Member of the New Jersey General Assembly
- In office 1919–1919

Personal details
- Born: May 1, 1888 New York City, New York
- Died: August 29, 1948 (aged 60) New York City, New York
- Party: Democratic
- Education: Newark High School
- Alma mater: Cornell University New York University

= Harry A. Augenblick =

American politician (1888–1948)

Harry A. Augenblick (May 1, 1888 – August 29, 1948) was an American civil engineer, attorney, investor, and Democratic Party politician from Newark, New Jersey who served in the New Jersey General Assembly in 1919.

== Early life and education ==
Harry A. Augenblick was born on May 1, 1888, in New York City to Jacob and Pauline Augenblick. He was raised in Newark, New Jersey, where he graduated from public schools and Newark High School. He graduated from Cornell University with a degree in civil engineering in 1910 and received a Juris Doctor from New York University.

== Career ==

After completing his undergraduate degree, Augenblick joined the New York Public Service Commission as an assistant engineer, resigning after six months to become an instructor at the University of Michigan College of Engineering for the 1910–11 academic year. After the term, he joined the J. G. White & Company as a construction engineer and worked in London, the Caucasus, and Siberia. He returned to the United States in 1912 to work for the New York Central Railroad, where he assisted in the construction and design of the New York City Subway and of Grand Central Terminal.

Augenblick was admitted to the New Jersey bar in 1915 as an attorney and in 1918 as a counselor.
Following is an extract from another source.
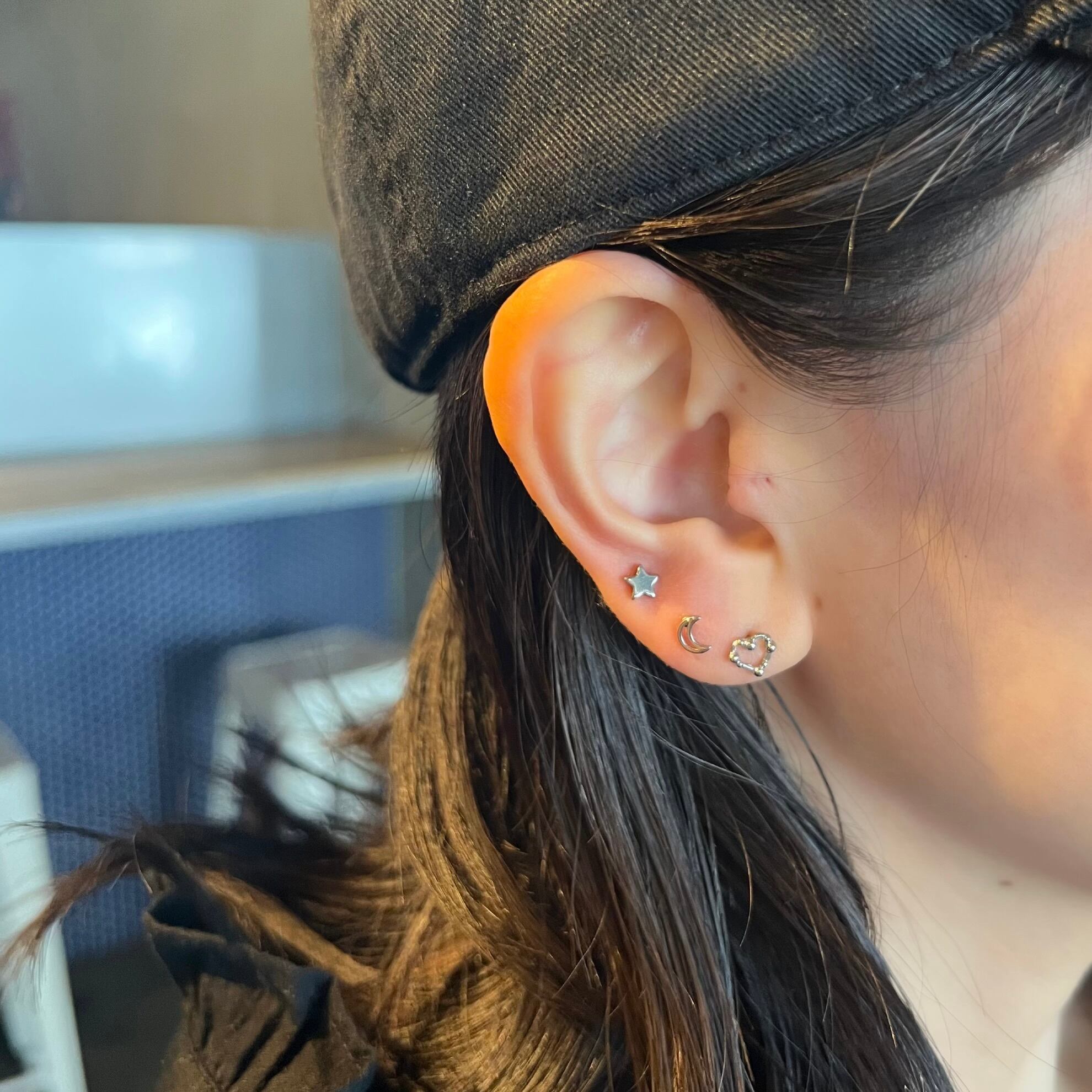 耳たぶにつけるのはもちろん、トラガスピアスとしてもお楽しみいただけます。

He joined the firm of former Essex County prosecutor Jacob L. Newman before setting up his own practice at the National State Bank Building in Newark. While practicing law, he continued to teach mechanical engineering at the Fawcett School of Industrial Arts. He later formed the Newark firm of Koehler, Augenblick & Freedman.

In 1919, Augenblick was elected to the New Jersey General Assembly on the Democratic ticket. He served a single term during the 1919 session.

In April 1920, Augenblick and two others incorporated the G. & W. Realty Company in Newark.

Before 1941, he was a senior member of the New York brokerage firm of Eisele, King & Studdiford. Later, he established Augenblick & Kohn, a New York Stock Exchange brokerage firm with offices in New York City and Newark and member. In 1944, he was elected a director of the Pacific Coast Company, a conglomerate of coal mining, railroad, fuel, and lumber interests on the Pacific coast and Alaska, to succeed William W. Watson. His election came as a compromise between management and investors critical of the company's record of failing to declare any dividends. He was also a director of the Vulcan Iron Works in Wilkes-Barre, Pennsylvania.

== Personal life and death ==
Augenblick married Bertha Greenburger in Norwich, Connecticut, on September 22, 1915. She died on January 2, 1917. He remarried to Bessie Lee Marks in Richmond, Virginia on January 6, 1924, and they had at least two children.

He was a member of the Lawyers Club of Essex County, the American Society of Civil Engineers, the Cornell Club, the University of Michigan Club, and the Fraternal Order of Eagles.

He died on August 29, 1948, at Manhattan General Hospital after a long illness. He was a resident of East Orange at the time and was survived by his wife and two children.